Als jongen scheen hij nochtans helemaal niet voorbestemd om de meester van de wielerwereld te worden, zelf niet om renner te worden. Indien hij zijn prille jeugd volledig te Meensel-Kiezegem had doorgebracht, dan zou de kans misschien hebben bestaan. Maar Jenny en Jules Merckx verlieten Meensel-Kiezegem toen Edward — zo staat de wereldkampioen in de bevolkingregisters geboekt — amper een jaar geworden was. Gelukkig kwam het gezin Merckx wel naar Brussel maar toch niet in de echte, benauwde stad. De kruidenierszaak die vader en moeder Merckx dank zij een onverdroten arbeid zouden doen bloeien, bevond zich ( nog steeds) in een residentie wijk te St. Pieters Woluwe, vlak bij het park van Woluwe, waar Eddy toch zou kunnen stoeien in een bijna zo gezonde lucht als deze van het hageland. Na lang aandringen mocht hij van zijn ouders tijdens de vakanties koersen rijden. Het was toen 1961, hij reed in dat jaar 14 koersen en won er een te Lettingen.
In tegenstelling tot de kleine gestalte van andere kampioenen zoals Anquetil en Hinault was Merckx één van de grootste renners in het peleton. Hij was zo sterk en reed vaak zo hard dat zijn bijnaam ‘de Kanibaal’ werd, hij was iemand die altijd alles wou winnen. Zwakke plekken kende hij niet, hij was de snelste tijdrijder, de beste klimmer en kon ook nog vrij goed sprinten. Als hij, een zeldzame keer, met een groepje aan de meet kwam, was hij zeker niet kansloos in de sprint.
Hij werd profrenner op zijn negentiende en behaalde in totaal 525 overwinningen. Reeds in 1964 werd hij wereldkampioen op de weg bij de amateurs. Nauwelijks twee jaar later trok hij als jonge beroepsrenner de aandacht met overwinningen in Milaan-San Remo en de Ronde van Vlaanderen. In 1967 werd hij voor het eerst wereldkampioen op de weg bij de beroepsrenners. Hij kreeg dat jaar de Nationale Trofee voor Sportverdienste. In 1968 won hij o.a. de Ronde van Italië en de wedstrijd Parijs-Roubaix.

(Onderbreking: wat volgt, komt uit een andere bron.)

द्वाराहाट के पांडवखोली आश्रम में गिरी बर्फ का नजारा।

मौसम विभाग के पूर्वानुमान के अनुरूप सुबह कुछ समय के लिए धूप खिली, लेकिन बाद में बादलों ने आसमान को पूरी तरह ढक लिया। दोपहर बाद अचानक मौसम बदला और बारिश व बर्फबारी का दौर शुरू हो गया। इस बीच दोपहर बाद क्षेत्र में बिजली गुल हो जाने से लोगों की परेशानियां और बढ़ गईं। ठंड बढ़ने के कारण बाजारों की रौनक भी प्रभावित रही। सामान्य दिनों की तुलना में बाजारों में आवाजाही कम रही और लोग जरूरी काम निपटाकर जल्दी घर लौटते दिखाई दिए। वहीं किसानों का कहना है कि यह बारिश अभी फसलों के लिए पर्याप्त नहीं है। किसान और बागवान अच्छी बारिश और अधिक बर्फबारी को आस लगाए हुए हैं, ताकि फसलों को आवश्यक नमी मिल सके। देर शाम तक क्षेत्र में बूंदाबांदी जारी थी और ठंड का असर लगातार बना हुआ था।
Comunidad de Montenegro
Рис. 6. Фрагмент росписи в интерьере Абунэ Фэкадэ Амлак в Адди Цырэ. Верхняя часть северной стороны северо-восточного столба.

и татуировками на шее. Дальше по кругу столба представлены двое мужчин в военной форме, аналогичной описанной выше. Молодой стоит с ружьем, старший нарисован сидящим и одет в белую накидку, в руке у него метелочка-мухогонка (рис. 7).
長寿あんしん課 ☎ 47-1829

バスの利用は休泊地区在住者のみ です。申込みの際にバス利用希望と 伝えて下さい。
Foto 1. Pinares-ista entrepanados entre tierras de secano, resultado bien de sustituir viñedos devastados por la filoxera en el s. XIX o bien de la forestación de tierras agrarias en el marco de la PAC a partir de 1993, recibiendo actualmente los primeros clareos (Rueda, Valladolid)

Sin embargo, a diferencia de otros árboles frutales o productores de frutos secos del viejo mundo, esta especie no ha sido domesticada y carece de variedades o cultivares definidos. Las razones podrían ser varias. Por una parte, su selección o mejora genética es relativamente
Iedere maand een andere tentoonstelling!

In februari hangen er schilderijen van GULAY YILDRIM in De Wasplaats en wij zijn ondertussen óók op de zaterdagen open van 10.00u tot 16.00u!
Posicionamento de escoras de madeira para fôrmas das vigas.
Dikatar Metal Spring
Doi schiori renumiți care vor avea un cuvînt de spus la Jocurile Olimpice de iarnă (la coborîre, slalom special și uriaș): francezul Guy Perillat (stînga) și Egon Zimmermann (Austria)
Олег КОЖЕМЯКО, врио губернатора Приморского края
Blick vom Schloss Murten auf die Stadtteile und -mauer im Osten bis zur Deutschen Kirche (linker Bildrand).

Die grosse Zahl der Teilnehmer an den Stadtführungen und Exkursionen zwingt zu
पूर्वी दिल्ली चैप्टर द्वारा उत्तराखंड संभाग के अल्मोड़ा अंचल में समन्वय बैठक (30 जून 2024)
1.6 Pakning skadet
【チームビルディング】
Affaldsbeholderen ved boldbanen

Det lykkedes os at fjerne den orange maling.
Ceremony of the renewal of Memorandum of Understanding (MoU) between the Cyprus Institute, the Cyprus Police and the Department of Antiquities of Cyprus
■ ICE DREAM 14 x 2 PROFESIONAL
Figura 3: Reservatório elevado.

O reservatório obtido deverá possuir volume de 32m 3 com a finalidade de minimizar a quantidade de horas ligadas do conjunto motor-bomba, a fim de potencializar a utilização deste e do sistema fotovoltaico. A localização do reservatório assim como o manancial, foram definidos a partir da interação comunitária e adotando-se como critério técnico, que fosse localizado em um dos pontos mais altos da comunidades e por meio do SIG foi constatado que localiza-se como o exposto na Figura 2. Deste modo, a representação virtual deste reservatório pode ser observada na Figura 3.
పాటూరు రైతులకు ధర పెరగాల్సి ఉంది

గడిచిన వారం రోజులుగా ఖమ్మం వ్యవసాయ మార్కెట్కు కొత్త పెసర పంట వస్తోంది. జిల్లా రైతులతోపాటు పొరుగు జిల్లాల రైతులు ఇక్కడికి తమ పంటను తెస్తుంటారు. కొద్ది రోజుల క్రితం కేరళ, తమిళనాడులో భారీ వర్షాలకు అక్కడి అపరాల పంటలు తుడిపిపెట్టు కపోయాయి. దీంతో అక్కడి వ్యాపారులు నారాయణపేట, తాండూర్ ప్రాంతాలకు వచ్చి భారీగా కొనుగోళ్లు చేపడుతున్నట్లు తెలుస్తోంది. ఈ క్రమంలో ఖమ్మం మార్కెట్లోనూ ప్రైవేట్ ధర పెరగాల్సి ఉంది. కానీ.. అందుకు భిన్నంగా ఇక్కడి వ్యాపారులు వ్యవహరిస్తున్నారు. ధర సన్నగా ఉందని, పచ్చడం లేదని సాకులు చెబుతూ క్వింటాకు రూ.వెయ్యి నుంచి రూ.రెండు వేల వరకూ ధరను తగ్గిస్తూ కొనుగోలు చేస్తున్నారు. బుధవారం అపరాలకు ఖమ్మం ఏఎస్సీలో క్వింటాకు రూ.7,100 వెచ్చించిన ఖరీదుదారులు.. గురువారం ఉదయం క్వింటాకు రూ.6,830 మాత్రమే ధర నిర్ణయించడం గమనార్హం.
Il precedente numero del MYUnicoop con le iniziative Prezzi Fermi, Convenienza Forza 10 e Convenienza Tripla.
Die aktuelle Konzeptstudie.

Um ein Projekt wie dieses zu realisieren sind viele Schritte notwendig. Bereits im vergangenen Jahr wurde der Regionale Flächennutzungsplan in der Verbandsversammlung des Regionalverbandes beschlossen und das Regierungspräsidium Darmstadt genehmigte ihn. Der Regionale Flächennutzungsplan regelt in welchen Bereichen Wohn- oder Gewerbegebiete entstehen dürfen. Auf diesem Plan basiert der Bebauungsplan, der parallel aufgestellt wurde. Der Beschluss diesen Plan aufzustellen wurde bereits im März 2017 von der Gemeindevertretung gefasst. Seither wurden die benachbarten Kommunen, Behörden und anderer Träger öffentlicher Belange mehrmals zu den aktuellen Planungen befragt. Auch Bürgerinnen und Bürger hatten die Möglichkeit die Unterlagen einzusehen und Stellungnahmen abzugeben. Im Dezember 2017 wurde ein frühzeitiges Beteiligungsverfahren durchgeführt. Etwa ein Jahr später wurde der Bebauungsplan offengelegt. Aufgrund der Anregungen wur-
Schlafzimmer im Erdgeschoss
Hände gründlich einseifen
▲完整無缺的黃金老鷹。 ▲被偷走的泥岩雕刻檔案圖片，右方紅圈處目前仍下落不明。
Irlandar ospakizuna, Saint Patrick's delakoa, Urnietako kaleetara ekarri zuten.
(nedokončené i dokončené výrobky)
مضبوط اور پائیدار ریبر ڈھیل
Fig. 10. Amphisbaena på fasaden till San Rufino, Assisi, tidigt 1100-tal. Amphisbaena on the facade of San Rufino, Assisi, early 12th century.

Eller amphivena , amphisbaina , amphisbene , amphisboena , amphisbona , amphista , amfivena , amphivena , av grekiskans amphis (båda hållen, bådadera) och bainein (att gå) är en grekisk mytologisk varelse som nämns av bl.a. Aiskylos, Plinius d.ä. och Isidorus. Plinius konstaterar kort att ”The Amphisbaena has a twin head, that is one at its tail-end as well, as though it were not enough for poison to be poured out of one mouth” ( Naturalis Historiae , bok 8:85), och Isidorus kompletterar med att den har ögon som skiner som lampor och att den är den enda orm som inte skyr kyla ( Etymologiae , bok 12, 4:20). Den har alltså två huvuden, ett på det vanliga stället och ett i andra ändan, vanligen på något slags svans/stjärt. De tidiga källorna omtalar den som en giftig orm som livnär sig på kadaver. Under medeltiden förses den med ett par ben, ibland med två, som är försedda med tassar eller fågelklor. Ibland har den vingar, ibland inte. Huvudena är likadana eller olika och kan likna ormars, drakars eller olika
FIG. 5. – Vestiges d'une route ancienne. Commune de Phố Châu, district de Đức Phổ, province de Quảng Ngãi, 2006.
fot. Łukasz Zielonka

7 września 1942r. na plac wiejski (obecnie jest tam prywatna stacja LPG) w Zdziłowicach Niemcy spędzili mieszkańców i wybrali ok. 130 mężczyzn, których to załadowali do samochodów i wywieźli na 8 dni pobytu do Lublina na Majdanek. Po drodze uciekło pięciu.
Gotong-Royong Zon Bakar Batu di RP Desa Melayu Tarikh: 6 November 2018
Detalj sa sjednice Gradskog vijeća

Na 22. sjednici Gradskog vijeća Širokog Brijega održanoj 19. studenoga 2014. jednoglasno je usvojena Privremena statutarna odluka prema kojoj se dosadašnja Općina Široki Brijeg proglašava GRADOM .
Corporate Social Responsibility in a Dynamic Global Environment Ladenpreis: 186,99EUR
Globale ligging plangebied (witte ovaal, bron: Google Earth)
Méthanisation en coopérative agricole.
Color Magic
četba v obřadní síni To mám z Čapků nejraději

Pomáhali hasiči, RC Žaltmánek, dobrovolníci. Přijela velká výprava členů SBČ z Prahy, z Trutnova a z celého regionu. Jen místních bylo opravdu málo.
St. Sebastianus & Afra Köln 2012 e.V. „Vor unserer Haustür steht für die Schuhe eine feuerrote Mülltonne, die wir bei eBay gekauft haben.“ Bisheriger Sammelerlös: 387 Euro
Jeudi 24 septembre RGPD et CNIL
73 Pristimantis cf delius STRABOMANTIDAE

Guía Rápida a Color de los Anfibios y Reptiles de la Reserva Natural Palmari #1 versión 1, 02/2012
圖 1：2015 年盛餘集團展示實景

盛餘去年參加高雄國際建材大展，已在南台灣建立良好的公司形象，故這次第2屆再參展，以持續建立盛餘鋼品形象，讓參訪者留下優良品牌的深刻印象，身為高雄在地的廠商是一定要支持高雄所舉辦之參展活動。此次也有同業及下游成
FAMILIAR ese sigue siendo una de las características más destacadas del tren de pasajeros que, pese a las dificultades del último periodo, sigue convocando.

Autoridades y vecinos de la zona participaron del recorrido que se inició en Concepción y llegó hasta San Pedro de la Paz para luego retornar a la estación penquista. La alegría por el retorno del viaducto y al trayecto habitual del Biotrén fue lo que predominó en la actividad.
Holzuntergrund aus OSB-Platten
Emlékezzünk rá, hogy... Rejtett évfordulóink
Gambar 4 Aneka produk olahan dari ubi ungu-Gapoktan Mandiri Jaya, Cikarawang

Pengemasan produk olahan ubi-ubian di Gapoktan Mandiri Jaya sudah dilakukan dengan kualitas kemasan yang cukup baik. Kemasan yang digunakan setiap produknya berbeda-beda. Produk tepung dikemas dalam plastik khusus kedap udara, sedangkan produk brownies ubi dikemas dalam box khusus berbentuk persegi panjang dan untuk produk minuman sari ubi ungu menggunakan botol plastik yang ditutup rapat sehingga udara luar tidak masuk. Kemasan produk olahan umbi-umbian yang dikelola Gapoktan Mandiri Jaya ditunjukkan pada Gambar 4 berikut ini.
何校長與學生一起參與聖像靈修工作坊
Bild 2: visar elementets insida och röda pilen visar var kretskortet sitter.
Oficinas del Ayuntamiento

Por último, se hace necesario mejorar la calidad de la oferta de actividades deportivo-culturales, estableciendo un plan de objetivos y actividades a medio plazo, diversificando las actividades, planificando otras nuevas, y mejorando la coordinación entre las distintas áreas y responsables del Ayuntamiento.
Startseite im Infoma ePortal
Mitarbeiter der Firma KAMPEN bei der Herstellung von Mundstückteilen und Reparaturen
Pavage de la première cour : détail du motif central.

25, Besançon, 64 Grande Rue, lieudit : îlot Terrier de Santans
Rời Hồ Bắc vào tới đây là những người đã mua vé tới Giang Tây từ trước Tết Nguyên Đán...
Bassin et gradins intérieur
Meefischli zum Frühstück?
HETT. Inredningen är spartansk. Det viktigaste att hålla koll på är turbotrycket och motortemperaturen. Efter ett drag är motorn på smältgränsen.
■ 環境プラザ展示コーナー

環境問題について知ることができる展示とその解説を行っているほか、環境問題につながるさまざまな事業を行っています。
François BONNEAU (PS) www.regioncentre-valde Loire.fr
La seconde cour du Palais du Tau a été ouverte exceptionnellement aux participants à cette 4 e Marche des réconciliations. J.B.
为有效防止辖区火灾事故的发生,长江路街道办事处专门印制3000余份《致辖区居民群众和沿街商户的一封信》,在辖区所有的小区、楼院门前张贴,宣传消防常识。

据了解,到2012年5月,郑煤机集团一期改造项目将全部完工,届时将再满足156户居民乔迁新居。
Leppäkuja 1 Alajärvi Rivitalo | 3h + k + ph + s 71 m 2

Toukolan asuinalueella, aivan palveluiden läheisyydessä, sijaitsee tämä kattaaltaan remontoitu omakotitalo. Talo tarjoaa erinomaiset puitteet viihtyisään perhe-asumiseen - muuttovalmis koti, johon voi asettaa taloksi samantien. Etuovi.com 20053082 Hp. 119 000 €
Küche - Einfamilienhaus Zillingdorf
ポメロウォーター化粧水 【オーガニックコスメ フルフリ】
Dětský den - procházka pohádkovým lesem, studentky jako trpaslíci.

In 1969 brak hij door naar de top: hij won drie klassiekers (Milaan-San Remo, Luik-Bastenaken-Luik, de Ronde van Vlaanderen) en was ongenaakbaar in de grote etappewedstrijden. Grote opschudding gaf zijn diskwalificatie in de Ronde van Italië, waarin hij van dopinggebruik werd beschuldigd. Kort daarop won hij met grote voorsprong de Ronde van Frankrijk, waaraan hij voor het eerst deelnam. Ook de drie volgende jaren, en wederom in 1974, won hij de Ronde van Frankrijk.
In 1971 en 1974 werd hij opnieuw wereldkampioen. In 1972 bracht hij het werelduurrecord op zijn naam (49,431 km). Vanaf 1975 viel hij geleidelijk terug. Zijn laatste grote overwinning behaalde hij in 1976 (Milaan-San Remo). In 1978 stopte hij met wielrennen.
Hij was de eerste, en sindsdien enkel geëvenaard door Stephen Roche, die in het zelfde jaar (1974) zegevierde in de Ronde van Frankrijk, de Giro en het wereldkampioenschap. Hij won ook in 1969 de Gele, Groene en Bolletjestrui in de Ronde van Frankrijk.